# Exercise objective:
The lines below, from the one containing "Stylish sandals by" through the one containing "夏季の臨時列車として設定され", should be set down exactly, with no pictures and nothing else.

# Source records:

=== Section Start ===

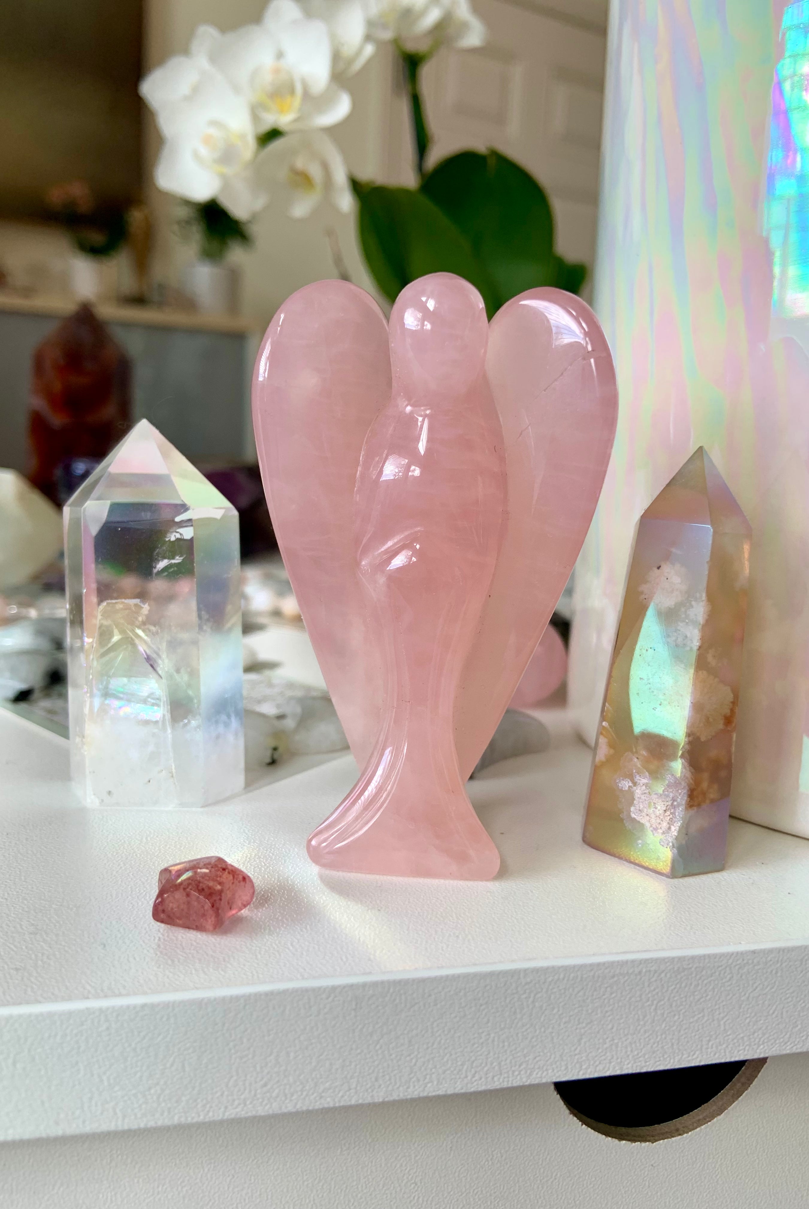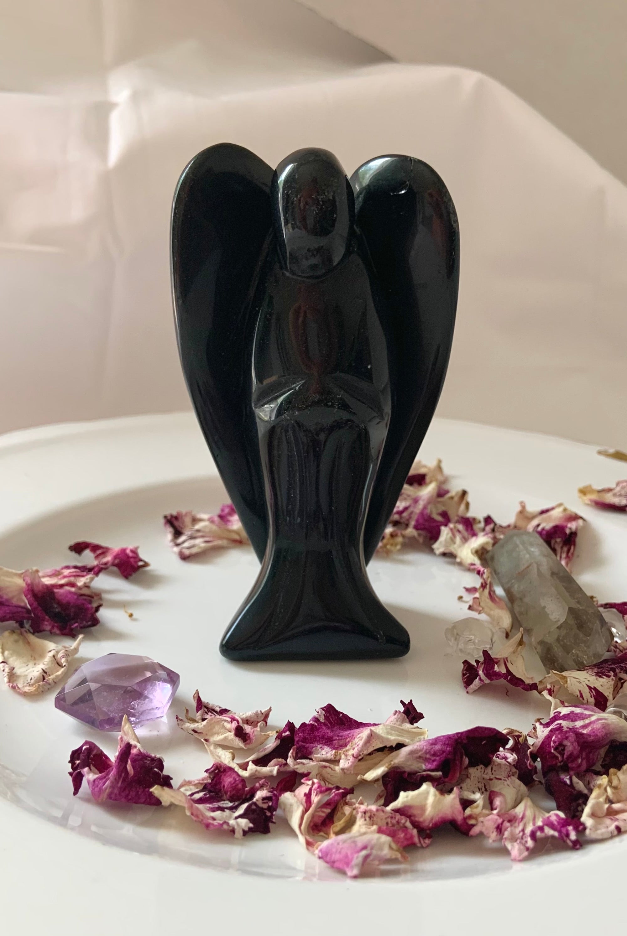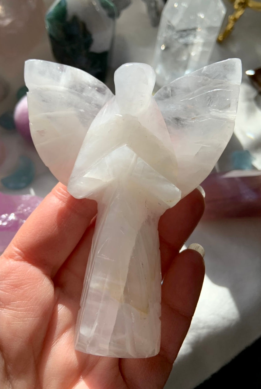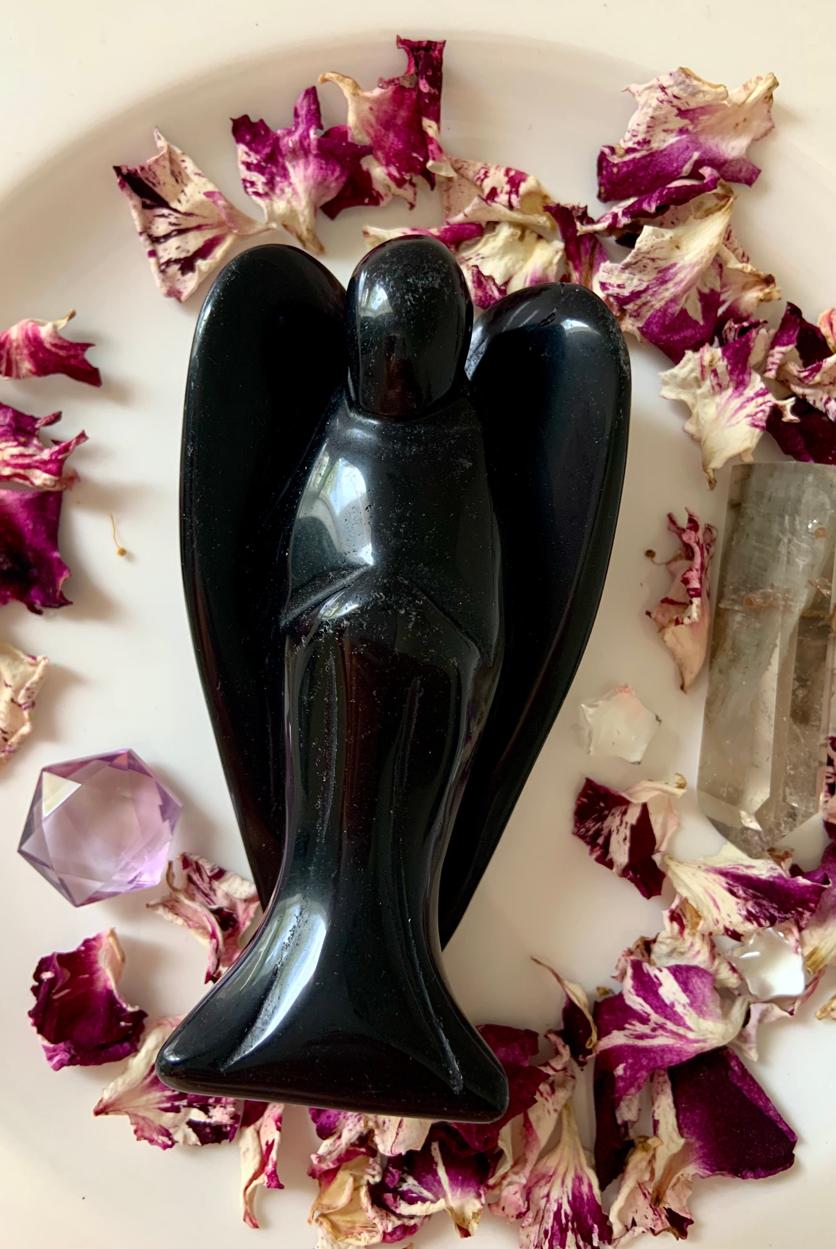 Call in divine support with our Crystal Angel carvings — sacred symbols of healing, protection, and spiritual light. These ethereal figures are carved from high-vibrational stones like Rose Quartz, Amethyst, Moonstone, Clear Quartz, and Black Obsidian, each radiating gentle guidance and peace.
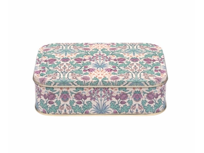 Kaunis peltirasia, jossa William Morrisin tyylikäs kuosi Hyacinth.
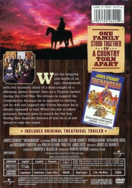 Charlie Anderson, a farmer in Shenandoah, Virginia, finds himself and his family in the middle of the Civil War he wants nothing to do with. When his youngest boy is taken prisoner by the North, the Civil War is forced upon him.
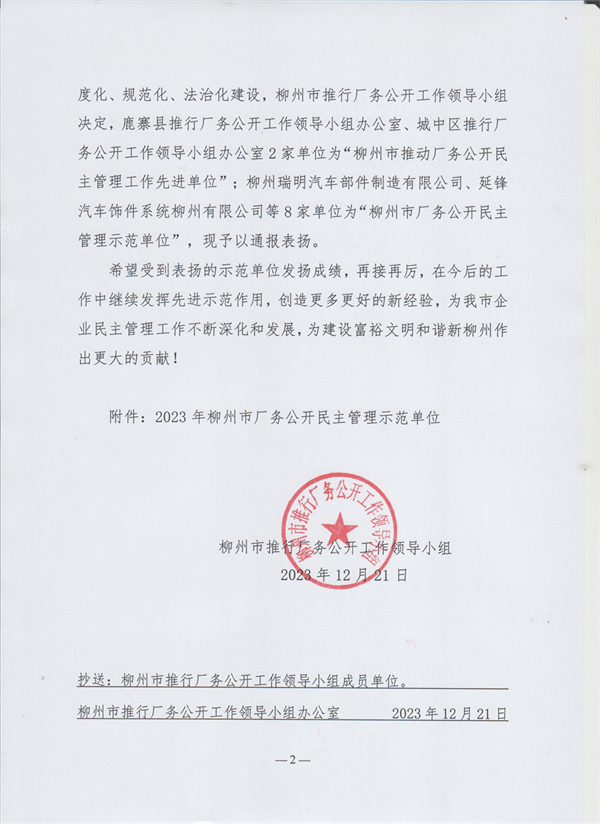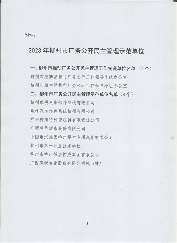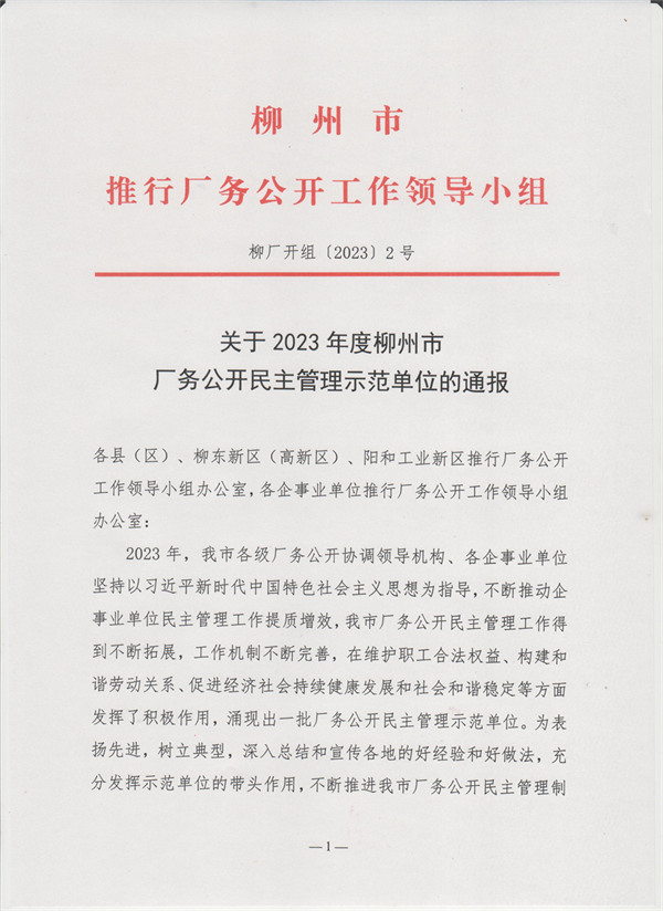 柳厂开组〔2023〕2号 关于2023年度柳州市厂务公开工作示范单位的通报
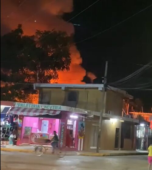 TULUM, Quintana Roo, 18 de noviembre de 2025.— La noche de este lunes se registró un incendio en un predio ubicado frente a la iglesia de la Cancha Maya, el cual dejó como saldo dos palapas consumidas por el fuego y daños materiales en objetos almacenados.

=== Section End ===
=== Section Start ===

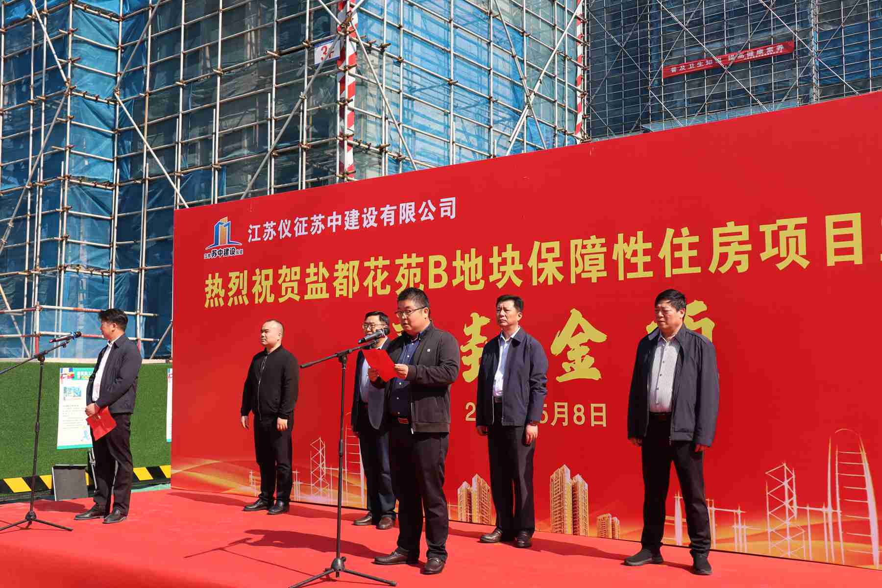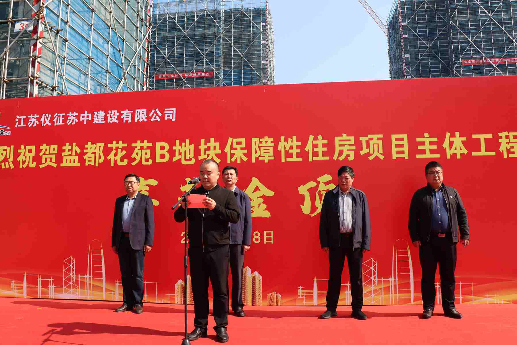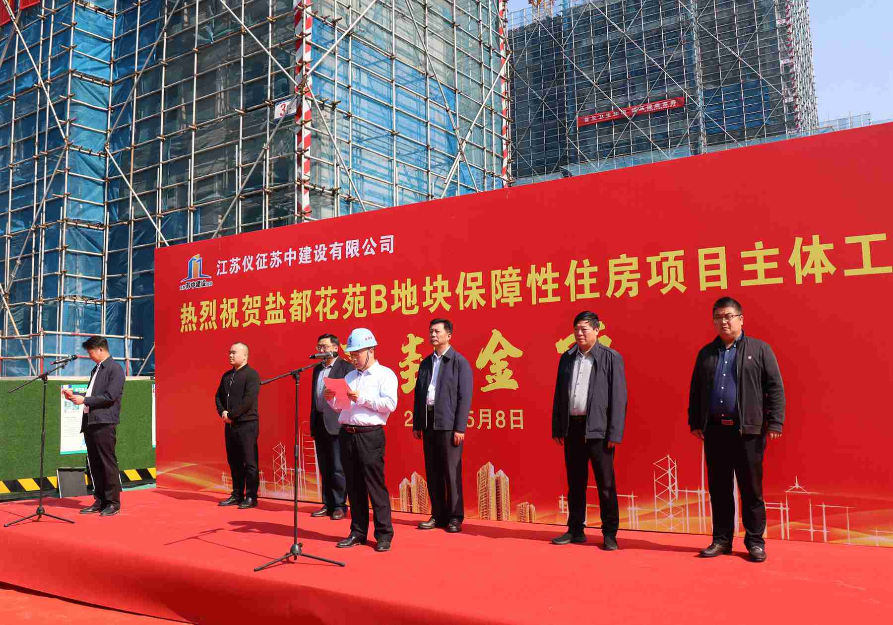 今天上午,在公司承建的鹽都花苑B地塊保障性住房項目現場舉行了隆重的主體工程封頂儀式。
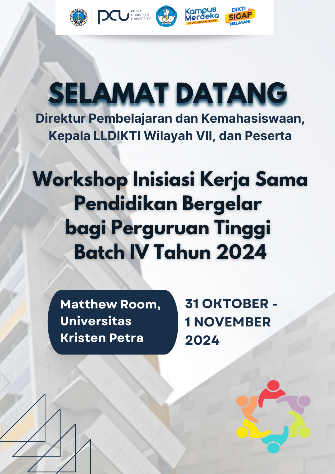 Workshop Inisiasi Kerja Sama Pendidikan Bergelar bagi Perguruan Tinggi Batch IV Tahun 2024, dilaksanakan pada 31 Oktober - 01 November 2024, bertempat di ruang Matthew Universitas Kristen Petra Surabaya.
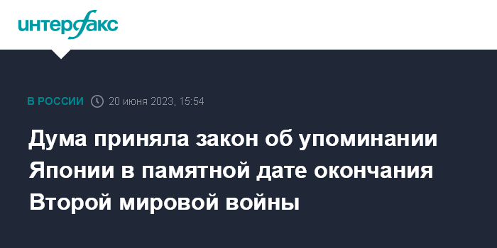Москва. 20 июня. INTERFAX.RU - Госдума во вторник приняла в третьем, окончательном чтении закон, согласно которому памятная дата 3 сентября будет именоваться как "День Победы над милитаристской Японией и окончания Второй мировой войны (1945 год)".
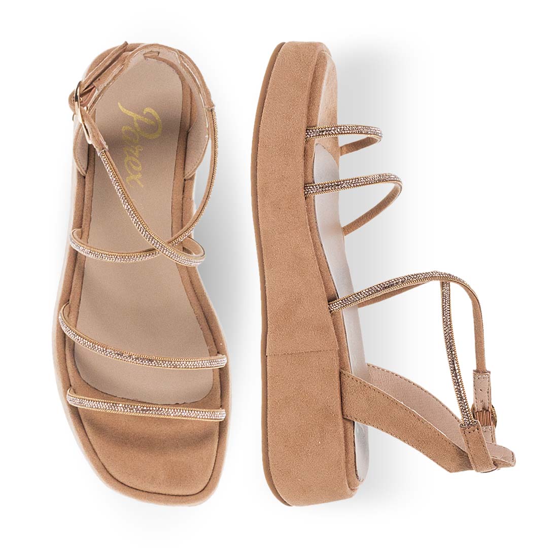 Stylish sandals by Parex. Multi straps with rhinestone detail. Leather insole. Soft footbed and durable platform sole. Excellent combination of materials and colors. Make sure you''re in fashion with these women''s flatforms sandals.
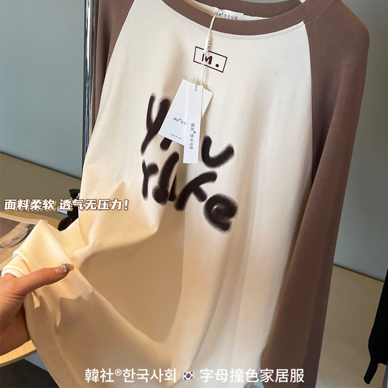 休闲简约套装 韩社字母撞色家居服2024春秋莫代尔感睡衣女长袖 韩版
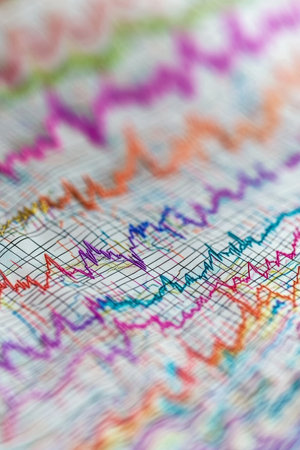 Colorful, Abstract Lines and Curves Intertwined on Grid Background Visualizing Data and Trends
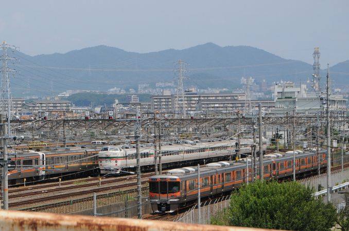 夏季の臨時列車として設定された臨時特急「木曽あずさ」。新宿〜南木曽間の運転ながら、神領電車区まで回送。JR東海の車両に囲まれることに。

=== Section End ===

# Output for this exercise:
 Stylish sandals by Parex. Multi straps with rhinestone detail. Leather insole. Soft footbed and durable platform sole. Excellent combination of materials and colors. Make sure you''re in fashion with these women''s flatforms sandals.
 休闲简约套装 韩社字母撞色家居服2024春秋莫代尔感睡衣女长袖 韩版
 Colorful, Abstract Lines and Curves Intertwined on Grid Background Visualizing Data and Trends
 夏季の臨時列車として設定された臨時特急「木曽あずさ」。新宿〜南木曽間の運転ながら、神領電車区まで回送。JR東海の車両に囲まれることに。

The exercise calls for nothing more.